Auditor / Consultant
#3
omartinez said:
Hello Folks how you doing ? Today is Friday Thanks God Friday is what all people say now…..
I have a doubt about Internal audit metrics , I have Internal Audit on Time as a metric but , this metric does not show the effectiveness of my process. I mean this just show that we are meeting times, But how can be sure that this audits were effectives at the plan…

Thanks and have good weekend.
Omar
I think you are thinking down the correct path.

Let's apply the process approach to your question. Internal auditing is a process. The purpose of the process is to make us better. How will it make us better? By finding things we are doing wrong, or things we could do better. We will write those findings as CA's, PA's and Cont. Improvements. So "findings that make us better" are the product or outputs of the audits. The more things we find that make us better, the more useful and effective the audits were.
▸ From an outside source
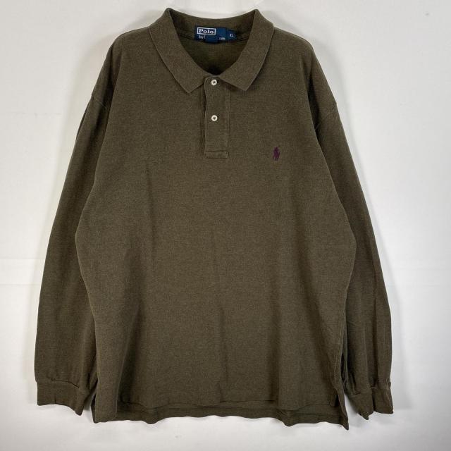 古着 90s/90年代 ポロバイラルフローレン Polo by Ralph Lauren 長袖 ポロシャツ ロゴ 刺繍 大きいサイズ 2ボタン XL カーキ 無地 メンズ

If you agree with that logic, and if the main output is findings, shouldn't we track findings as the prmary metric? Maybe even try to track the results and savings from the audits, if you are really ambtious. Six Sigma measures the results of projects. It helps justify the cost of the audits, and if the metrics is very good, even helps build support and buy in.

I would rather have a late audit that was beneficial, than an non-value added audit that was on time...so timeliness would appear to be a less meaningful metric.
 
V

vanputten

#4
Search the Cove

If you do an advanced search of the Cove for "Audit", "effectiveness", "Measure", you will get links to similar threads. This question has been asked before.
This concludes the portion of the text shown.